I have the following question:

In our company we start a new web project, with a lot of .js .css files. Our company is a Java company, meaning all the development is done in: Java/Maven/Team City for build process.

Since the company is already using TeamCity, we want to use it also for the web build, we are trying to introduce Node.js and GruntJs in our build process. I was wondering if someone has experience of setting/configuration Node.js like a runner in TeamCity?

In the end we want to "commit" an change and then a build, this build will be done with the Node.js runner. I found the following plugin for TeamCity.

Any help will be appreciated

like image 888
Boba Fett likes JS Avatar asked Mar 08 '13 10:03

Boba Fett likes JS


1 Answers

I'm using GruntJS and TeamCity in Web Project which contains couple of sites such as API, User and Admin portals, and Unit/Smock/Integration Tests. After couple of prototyping I finally decide to put all logic within ONE GruntJS file to build each part of project separately.

To do so, I added one new project to source repository just for deployment. Within that project then I have my base Gruntfile.js which is just entry point to sub-Grunt build processes for each part of project. I can pass parameter to base by Grunt-CLI to choose my target for build, like: grunt --target=api (Note: I also pass Version/Revision and other stuff too but for simplicity I don't go more in deep in this answer)

Then I created one shell script which run grunt with all possible parameters in sequence.
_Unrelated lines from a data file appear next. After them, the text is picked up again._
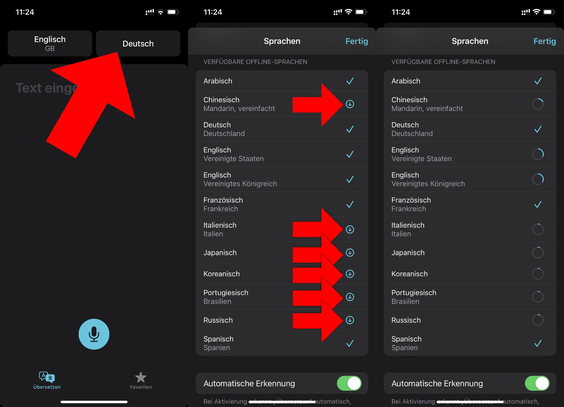 - Wartet auf den Download und nutzt anschließend die verfügbaren Pakete für Offline-Übersetzungen
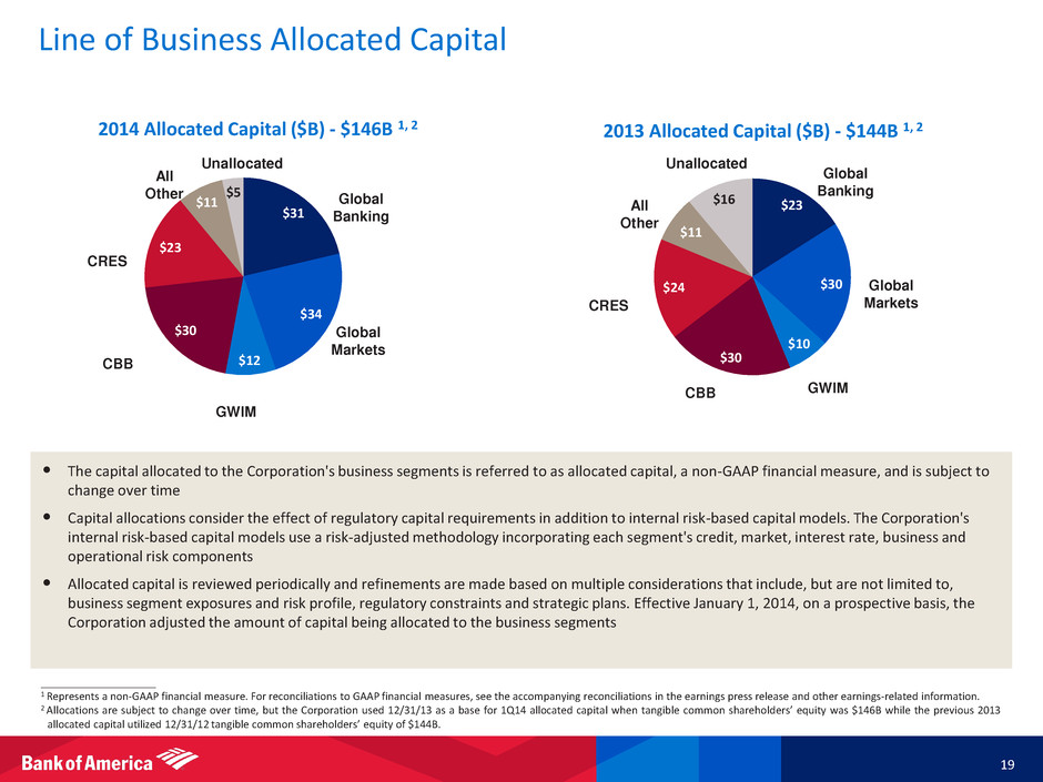 Business Metrics Reflect Progress Banking and Markets Metrics 18 ____________________ 1 FTE basis. Represents a non-GAAP financial measure. 2 Represents a non-GAAP financial measure. During 1Q14, the management of structured liabilities and the associated DVA were moved into Global Markets from All Other to better align the performance risk of these instruments. As such, net DVA represents the combined total of net DVA on derivatives and structured liabilities. Prior periods have been reclassified to conform to current period presentation. Net DVA results were gains (losses) of $112MM, ($145)MM and ($4.7)B 1Q14, 1Q13 and 1Q12, respectively. Amounts may not total due to rounding. 3 VaR model uses historical simulation approach based on three years of historical data and an expected shortfall methodology equivalent to a 99% confidence level. 4 Source: Bloomberg and based on share of S&P 500. Market Share in U.S. Cash Equities 4 Avg. Global Banking Loans ($B) Global Banking Revenue ($B) 1 Sales & Trading Revenue (excl. DVA) ($B) 2 Avg. Global Banking Deposits ($B) Avg. Trading-related Assets ($B) and VaR ($MM) 3 12.4% 13.8% 14.6% 0% 4% 8% 12% 16% 1Q12 1Q13 1Q14 1.7 1.7 1.8 1.5 1.5 1.6 0.8 0.8 0.9 $4.0 $4.0 $4.3 $0 $1 $2 $3 $4 $5 1Q12 1Q13 1Q14 Commercial Bank Corporate Bank Investment Bank 4.1 3.0 3.0 1.1 1.1 1.2 $5.2 $4.2 $4.1 $0 $1 $2 $3 $4 $5 $6 1Q12 1Q13 1Q14 FICC Equities 147 153 179 63 68 77 $210 $221 $256 $0 $50 $100 $150 $200 $250 $300 1Q12 1Q13 1Q14 Noninterest-bearing Interest-bearing $449 $504 $437 $84 $79 $71 $0 $25 $50 $75 $100 $125 $150 $0 $100 $200 $300 $400 $500 $600 1Q12 1Q13 1Q14 Trading-related assets Avg VaR $224 $244 $271 $0 $100 $200 $300 1Q12 1Q13 1Q14
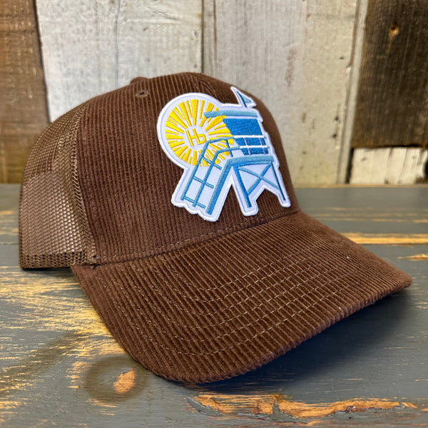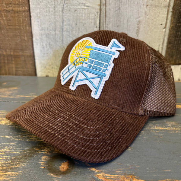 Hermosa Beach LIFEGUARD TOWER :: NORTH OF PIER 6 Panel Corduroy Trucker Hat - Brown
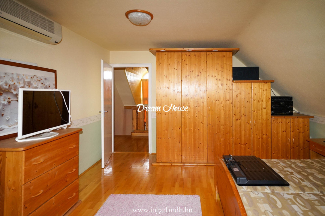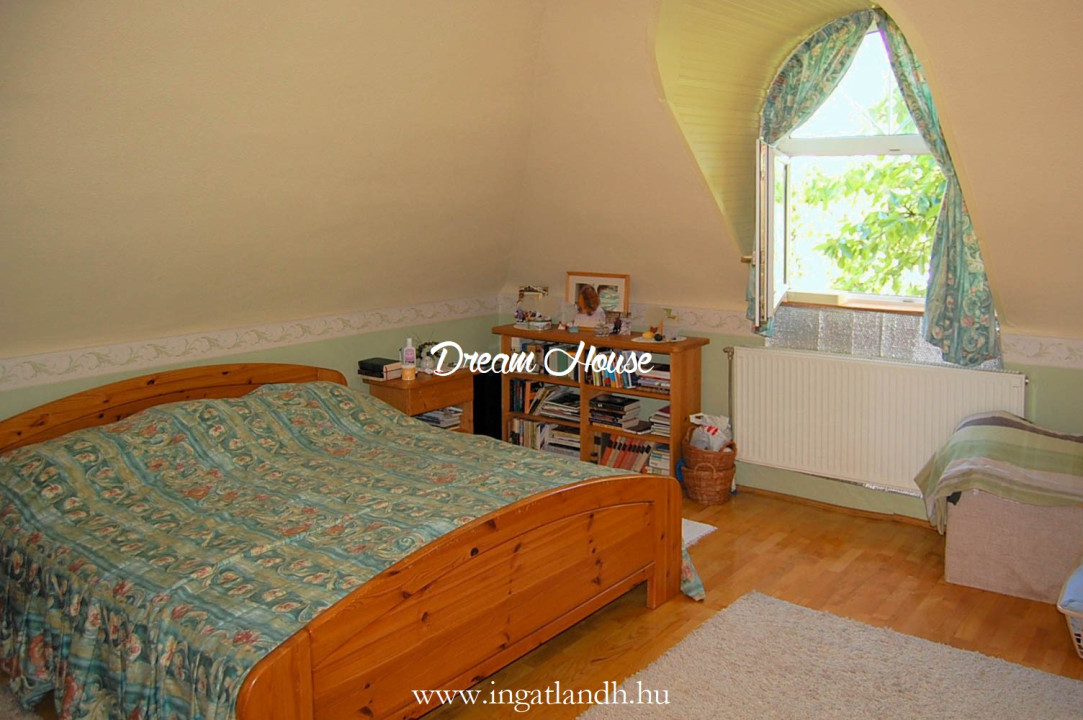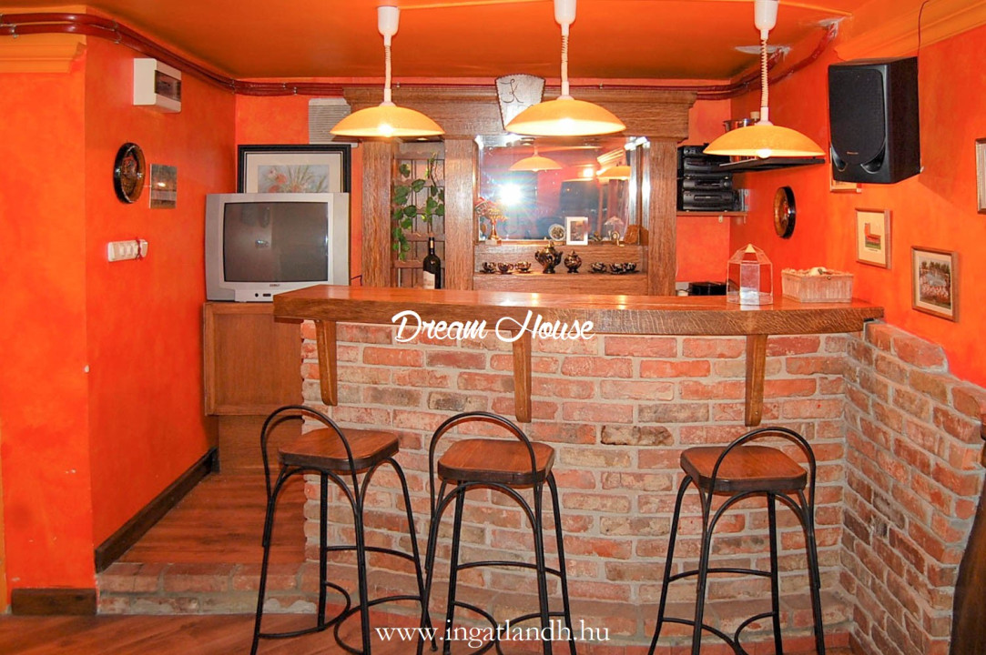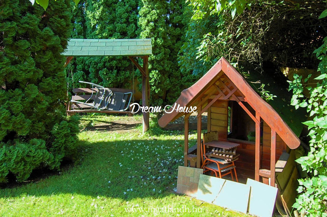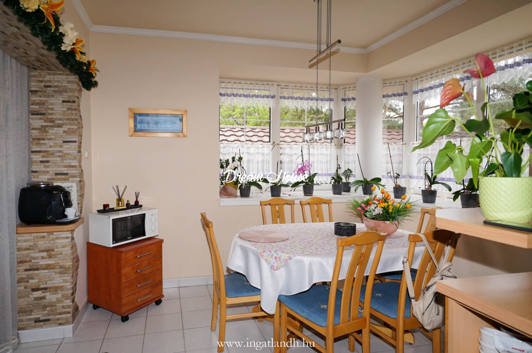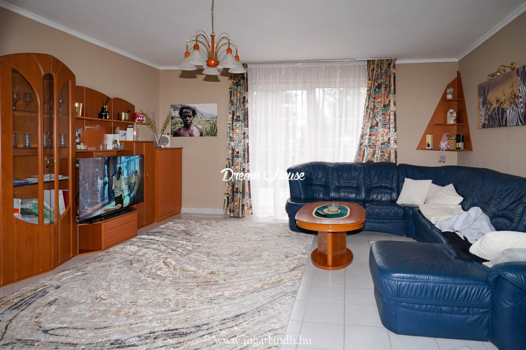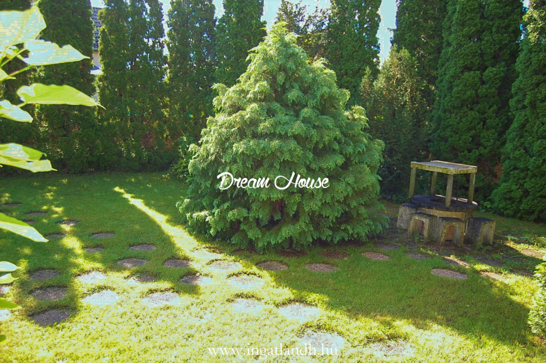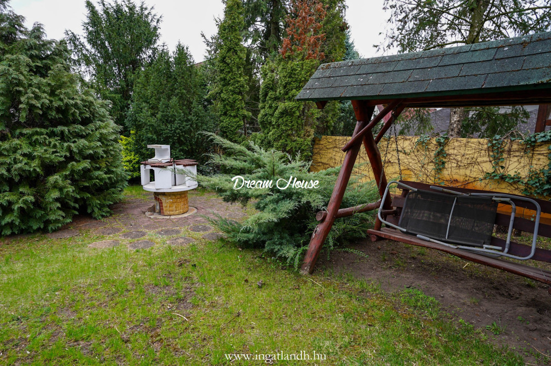 A szigetelt, téglaépítésű, szintes, szép állapotú, 165 nm alapterületű családi ház egy 500 nm-es parkosított, öntözőrendszerrel ellátott pihenőkerten helyezkedik el. A kellemes hangulatú udvarban kerti tó, szalonnasütő és egyállásos garázs is található, a ház előtt pedig két autó számára kialakított parkoló.
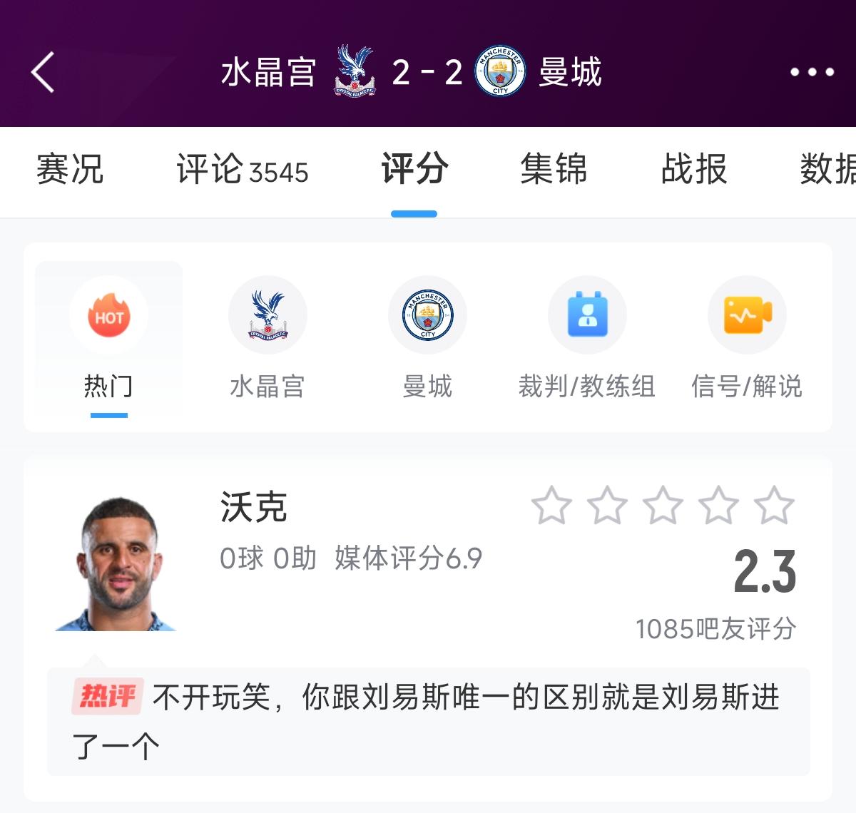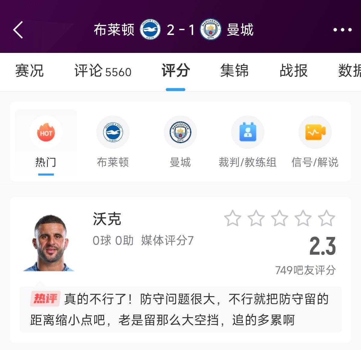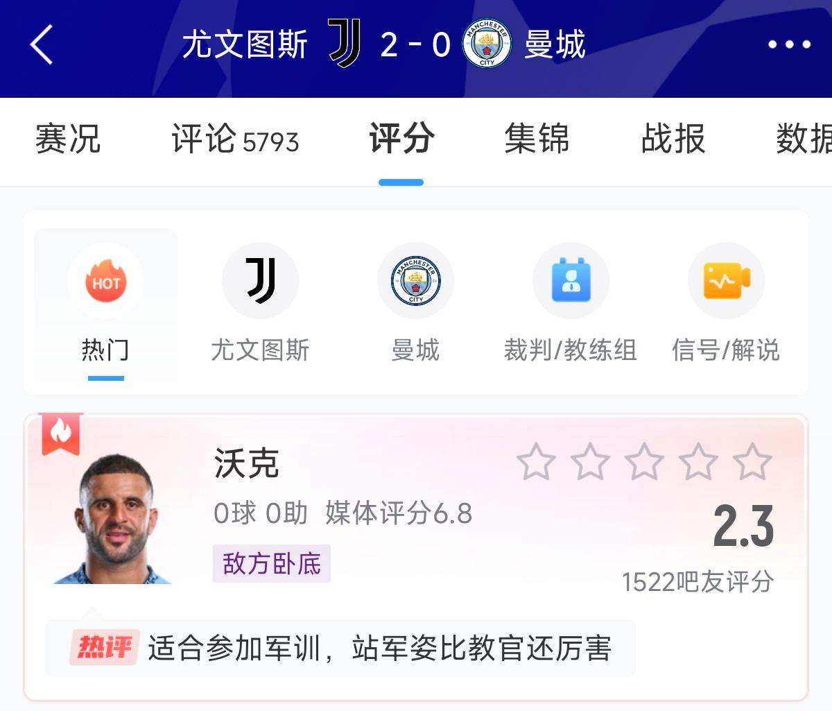 除特別注明外,本站所有內(nèi)容均為24直播網(wǎng)整理排版,轉(zhuǎn)載請注明出處:絕了!老隊長沃克場場被罵評分清一色2分,3-0森林沒首發(fā)獲評6分

And finally just created one step in build configuration in TeamCity to just run that shell script!

By doing this way I gain lots of benefits such as:

  1. Put all deployment logic within source control for better maintainability.
  2. Each developer have access to it and can build even on local machine
  3. TeamCity integration become so simple and also you can easily move it to other CI platforms!

If you want to have each project on separated repositories, then you can setup one Deployment repository with base GruntJS and create submodules to other repositories.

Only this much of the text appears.